If your company has fallen on hard times in recent years, you’re not alone. The recession of the late 2000s affected everyone, from small businesses to large corporations. Among other issues, your good credit standing with credit bureaus such as Dun & Bradstreet, Experian, and Equifax may have taken a hit. Lending institutions rely on business reports from these bureaus to determine the creditworthiness of companies seeking loans; and potential suppliers, clients, and partners may also purchase credit bureau reports to help them decide whether to do business with your company. So maintaining a good score is crucial for your company’s future prospects.
What can you do to repair your credit standing? First of all, obtain reports about your company from the major bureaus. Apart from those mentioned above, TransUnion, Cortera, ClientChecker, and a few others all may have information on your company. Make sure that the information in these reports is accurate and up-to-date, and fix any errors promptly. And if you are the business owner or a principal, then ensure that your personal credit score is calculated accurately as well. Individual credit reports in the United States (and many other countries worldwide) are compiled by Experian, Equifax, and TransUnion; contact all three bureaus, get copies of your individual credit reports, and report errors.
Make sure that any existing lines of credit that your company has access to remain open. Larger banks, themselves facing financial difficulties, have been canceling or capping lines of credit for individuals as well as small businesses. A closed credit card account or capped line of credit may be perceived as a negative event by a potential lender or partner. If you’ve had any closures, talk with your bank about reestablishing these lines of credit; banks are eager for business from reliable clients, and you may be able to work out an arrangement.
If your bank has informed you that it about to cancel your company credit card or line of credit, try to preempt this; you can offer to temporarily prepay against a credit card, or put up a certificate of deposit as security. Even if you will need this money for other purposes, at least you may be able to buy some time.

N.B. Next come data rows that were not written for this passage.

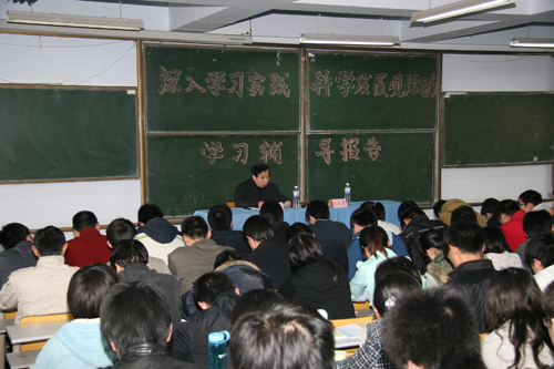 为使广大学生党员进一步明确参加深入学习实践科学发展观活动的重要意义,切实增强开展学习实践活动的自觉性和坚定性,积极投入到学习实践活动中来,3月24日、25日,校深入学习实践科学发展观活动领导小组学生工作组邀请校学习实践活动领导小组副组长、校党委副书记杨向荣就大学生党员深入学习实践科学发展观活动,分别为四方、黄岛两校区学生党员做学习辅导报告。学生处处长沈文青、副处长王维分别主持报告会,两校区全体学生党员参加报告会。
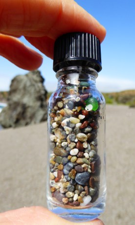Remember when last month I saw the sand display in Pacific Grove? Soon afterward I did buy some small bottles in hopes of filling them with sand from my explorations. I managed to have two with me, and I collected the first sample at this beach. It even contained a piece of beach glass.
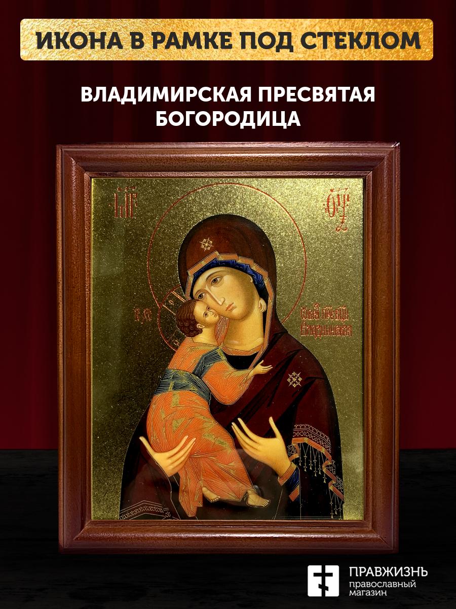 Икона Божией Матери Владимирская с золочением, деревянная рамка со стеклом 15х18х2 см 117

If you can, take out a loan, even a small one, even if you don’t need one. If you have delinquent loans on your business credit report, or a history of late payments, then taking out a new loan and making timely payments will boost your score. If a major bank won’t give you a loan, then explore microloan programs, which lend amounts as small as $500 to entrepreneurs and small businesses. Microloan programs have become widespread in the developing world, helping rural entrepreneurs establish themselves in small businesses; these programs have met with varying degrees of success. More recently, the idea has caught on the developed world. Grameen Bank and Accion USA are two organizations that provide microloans in the United States; the VanCity Credit Union has established a program of peer lending in Vancouver and elsewhere in Canada. And the Israeli Free Loan Association has lent over $100 million in the past twenty years to Israeli citizens.
Take a close look at your own receivables. Businesses that collect outstanding payments within 45 days are more attractive to lenders than businesses offering 120-day terms. You don’t want to lose your best customers by tightening up your collection policies, but examine your customer records and see where you might be able to speed up payments. Some of your customers may be having credit problems of their own; you can point out to these customers that, if they can show that they are paying off their invoices more promptly, their own credit scores will likely improve.
And if you are having trouble making payments to vendors, the most important thing is to communicate. You want to forestall a vendor from sending your account to a collection agency, or otherwise reporting your inability to pay. If you are fully communicative about your outstanding debt and propose renegotiating payment terms such that the amount can eventually be paid off in full, most vendors will be only too happy to at least consider your proposal. Debts that are delinquent, from accounts that have gone silent or disappeared, are rarely repaid in full, if they are paid at all. And a collection agency will keep a substantial percentage of any money it is able to extract from a delinquent account. Your vendor would much prefer to deal directly with you about your debt, especially if you’ve had good relations in the past.
Redo your business plan. Business plans are not just for start-ups; they can be living documents, reflecting how a company responds to changing circumstances. If you map out precisely how your company will see its way through a current crisis — how a new loan will be allocated, for instance — a lending institution will believe that you are committed to the future success of your business, not just looking for a quick way out of a financial crunch.
Financial difficulties can arise in any circumstances, for any number of reasons. However, it’s important to remember that there are steps you can take to improve your company’s credit standing, and restore the confidence of suppliers and other partners.